Seb: Yes. Each member of The Dead-End Alley Band have previous experiences by playing in other projects. The most experienced were Javier (Bass player) and Jafer (Drummer). They played for long time in the underground scene before being part of The Dead-End Alley Band. How is it that you started playing music? Javier: Well back in 2002 my friends at school used to gather together and grab a guitar and play Nirvana tunes and songs from the period of time, mostly what Mtv used to aired and some classics as Led Zeppelin, Metallica, Iron Maiden... the usual stuff. So that’s where my interest in playing music started, as well I started playing Nirvana, mostly Grunge music, that is my favorite music style, then I the other things came along. Seb: I guess, I was always in the music, because of my family. I got this conection with the music, very early, but it was in 2006 when I started to develop it in a public way, with small bands and projects, and also, my own compositions.
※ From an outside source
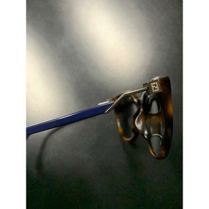 Awesome pair of Havanna Blue sunglasses ( FF 0209/f/s) from Fendi. They have a rounded shape with dark grey gradient lenses. The blue arms are really unique-they have a great geometric design that really pops against the brown tortoiseshell frames.

Leonardo: When I was a kid, I loved the music class in school. One day, I remember asking the teacher if I could play his guitar. As toying, I put some pens and crayons inside the hole of the guitar and it sounded weird, but I loved that sound and from that moment, I wanted to play guitar.

Jafer: It all started when I was 13 years old, at school. All these “school-bands”. What are your names? / Who plays what? / How old are you? Sebastian Sanchez-Botta / Vocal + Keys / 29 Javier Kou / Bass + Vocal / 29 Leonardo Alva / Guitar / 23 Jafer Diaz / Drum / 46 Have you had other previous members? Seb: We started being a 5-pieced-band, with two guitars. A guy called Rolando ‘Delfin’ Valle, who plays in some other Peruvian bands like Los Rezios, Morte Kvlto and Tröncho, joined us, but because of a tour with one of his bands, was difficult for him to be focused at 100% in The Dead-End Alley Band, so sadly we played just one show with us. After that, we turned into a 4-pieced-band and the line up remains the same from that date.

Did you make music even when you were young? Seb: Yes, we all did.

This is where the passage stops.